14. Automate what proves to be frequent.

Given YAGNI, one might think that it leads to a tendency to not deal with general-case problems. YAGNI helps us not generalize too soon, but we must still remember to go back, refactor, and generalize what has proven through experience to be truly general. This approach applies as well to process as it does to programming. A good rule of thumb for generalizing code has proven to be:

  1. The first time you do something, just do it.
  2. The second time you do something, if you can use the first stuff as is, do so. If you’d need to make some generalizations, don’t yet; just deal with the second case separately.
  3. The third time you find yourself working in the same general area, you probably have enough information (based on your experiences doing it twice before) to know how to go back and generalize the first two implementations to cover all three (and most future) cases. When we are at step one and we think we do know how to do the generalization of step three, it usually turns out that we are either:
    • wrong, or
    • our past experience has actually taken us through steps one and two before, and we are really already at step three. Sometimes, the generalization takes the form of a process improvement or a new technique for doing something better. In these cases, we must take the time and effort to capture these improvements (by writing them down), then refine them with the group and then share and teach them to others.
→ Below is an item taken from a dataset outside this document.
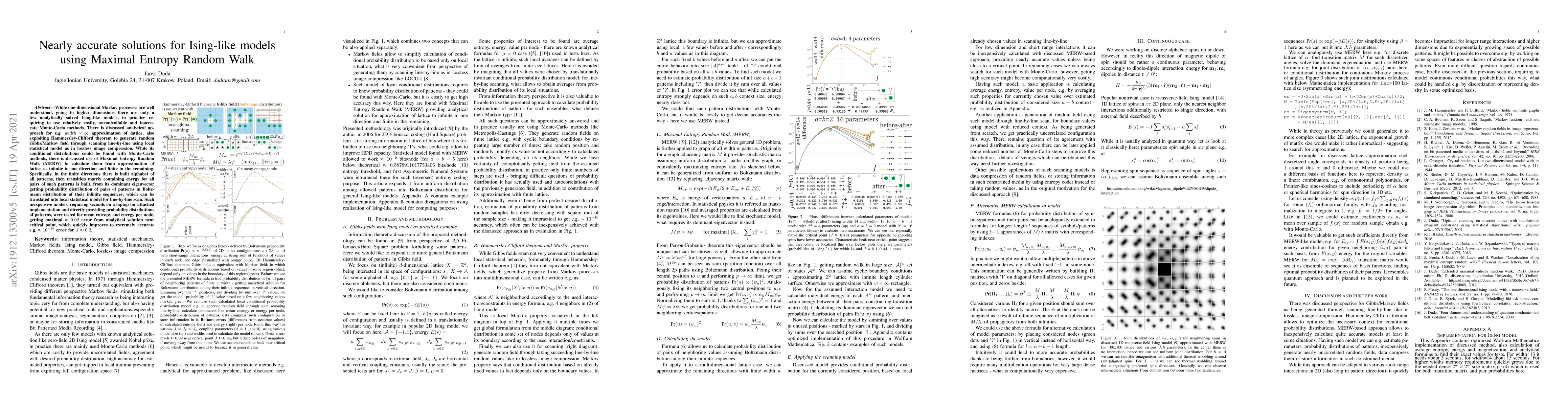 While one-dimensional Markov processes are well understood, going to higher dimensions there are only a few analytically solved Ising-like models, in practice requiring to use relatively costly, uncontrollable and inaccurate Monte-Carlo methods. There is discussed analytical approach for e.g. $width\times \infty$ approximation of lattice, also exploiting Hammersley-Clifford theorem to generate random Gibbs/Markov field through scanning line-by-line using local statistical model as in lossless image compression. While its conditional distributions could be found with Monte-Carlo methods, there is discussed use of Maximal Entropy Random Walk (MERW) to calculate them from approximation of lattice as infinite in one direction and finite in the remaining. Specifically, in the finite directions there is built alphabet of all patterns, then transition matrix containing energy for all pairs of such patterns is built, from its dominant eigenvector getting probability distribution of pairs of patterns in Boltzmann distribution of their infinite sequences, which can be translated into local statistical model for line-by-line scan. Such inexpensive models, requiring seconds on a laptop for attached implementation and directly providing probability distributions of patterns, were tested for mean entropy and energy per node, getting maximal $\approx 0.02$ error from analytical solution near critical point, which quickly improves to extremely accurate e.g. $\approx 10^{-10}$ error for $J\approx 0.2$.

That is, we create a “process library” offering tools and techniques for doing frequent tasks in ways that are based on experience and best practices.

15. Be prepared to question your original assumptions.

Sometimes design seems to lead to dead ends or roadblocks in all directions. Sometimes it seems that from where you are, every road ahead is a difficult climb. Be prepared to turn around and revisit a previous choice to see if you will still make the same decision given everything you have learned while exploring down that branch of the highway. Essentially, we’re all going to make wrong decisions sometimes. We need to be ready to notice when that is, and go back and change our minds.